Charanjit Singh

Personal information
- Born: 3 February 1931 Mairi Village, Punjab, British India
- Died: 27 January 2022 (aged 90) Una, Himachal Pradesh, India

Medal record
Representing India
Men's Field hockey
Olympic Games
| Gold medal – first place | 1964 Tokyo | Team |
| Silver medal – second place | 1960 Rome | Team |
Asian Games
| Silver medal – second place | 1962 Jakarta | Team |

= Charanjit Singh (field hockey) =

Indian field hockey player (1931–2022)

Charanjit Singh (3 February 1931 (Note: There is some confusion with Singh's date of birth. Most sources indicate Singh was born on 3 February 1931. However, the Indian newspaper Hindustan Times references Singh's date of birth in an obituary as 20 November 1929.) – 27 January 2022) was an Indian field hockey player who was the captain of the team that won the gold medal at the 1964 Summer Olympics in Tokyo. He was also a member of the team that won the silver medal at the 1960 Summer Olympics in Rome and the 1962 Asian Games in Jakarta.

Singh was a recipient of the Indian government's Arjuna Award in 1963 and the Padma Shri, India's fourth highest civilian honor, in 1964.

== Early life ==
Singh was born on 3 February 1931 in Mairi Village in the Amb subdivision of Una district in present day Himachal Pradesh (then Punjab, British Raj). Charanjit Singh was an alumnus of Col. Brown Cambridge School, Dehradun and was exposed to hockey during his time there. Singh graduated with a Bachelor of Science degree from the Government Agricultural College, Lyallpur (in modern-day Pakistan). During this time, he represented Panjab University.

== Career ==
Singh started his career representing Punjab Police and was picked for the Indian team in the early 1950s, playing as a midfielder (also referred to as center-half) in a team that included Leslie Claudius, Keshav Dutt, and Joseph Antic, all playing in the midfield position.

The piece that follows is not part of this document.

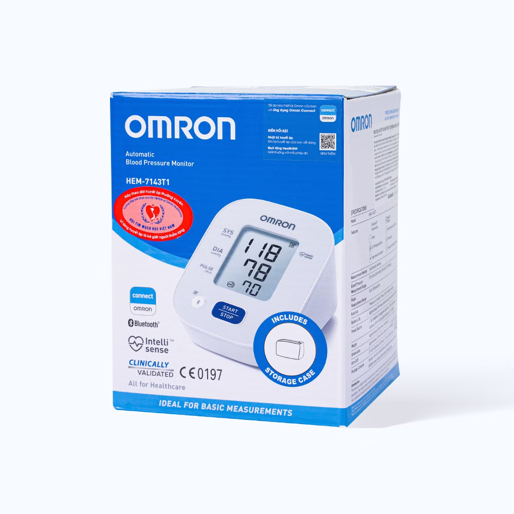Máy đo huyết áp bắp tay tự động Omron HEM 7143T1 cho kết quả chính xác, nhanh chóng (hộp 1 cái)

Singh was the captain of the Indian hockey team that won the gold medal at the 1964 Summer Olympics in Tokyo. He was also a member of the team that won the silver medal at the Field hockey at the 1960 Summer Olympics in Rome. He also represented India in two Asian Games, including the 1962 Asian Games in Jakarta. He is credited with returning the gold medal to the Indian team in 1964, when earlier in both the 1962 Asian games and in the 1960 Olympics, the country had lost in the finals to Pakistan. Singh had missed the final against Pakistan due to an injury. In 1964, under Singh's captaincy, the Indian team won a few tournaments leading up to the Olympics, and remained unbeaten in the Olympics, winning seven matches and drawing two, before defeating Australia 3-1 in the semifinals, and Pakistan, 1-0 in the finals. In an editorial, the Indian newspaper, The Indian Express, called Singh's style of play "crafty" and him a "member of the golden generation", referring to him and some of his peers including Balbir Singh Dosanjh, Keshav Dutt, and Balbir Singh Junior. The newspaper went on to note that he would be "remembered as one of the key men responsible for India regaining its supremacy on the hockey field".

He was a recipient of the Arjuna Award in 1963 and the Padma Shri, India's fourth highest civilian honor, in 1964.

After his retirement from the sport, he served as the dean of student welfare at Punjab Agricultural University and later at the Hisar Agricultural University, before going on to become the director of sports at Himachal Pradesh University.

== Personal life ==
Singh was married and had two sons and a daughter. Singh died from a heart attack at his home in Una, Himachal Pradesh, on 27 January 2022, seven days before his 91st birthday. He had suffered a paralytic attack five years before his death. His wife had predeceased him 12 years earlier.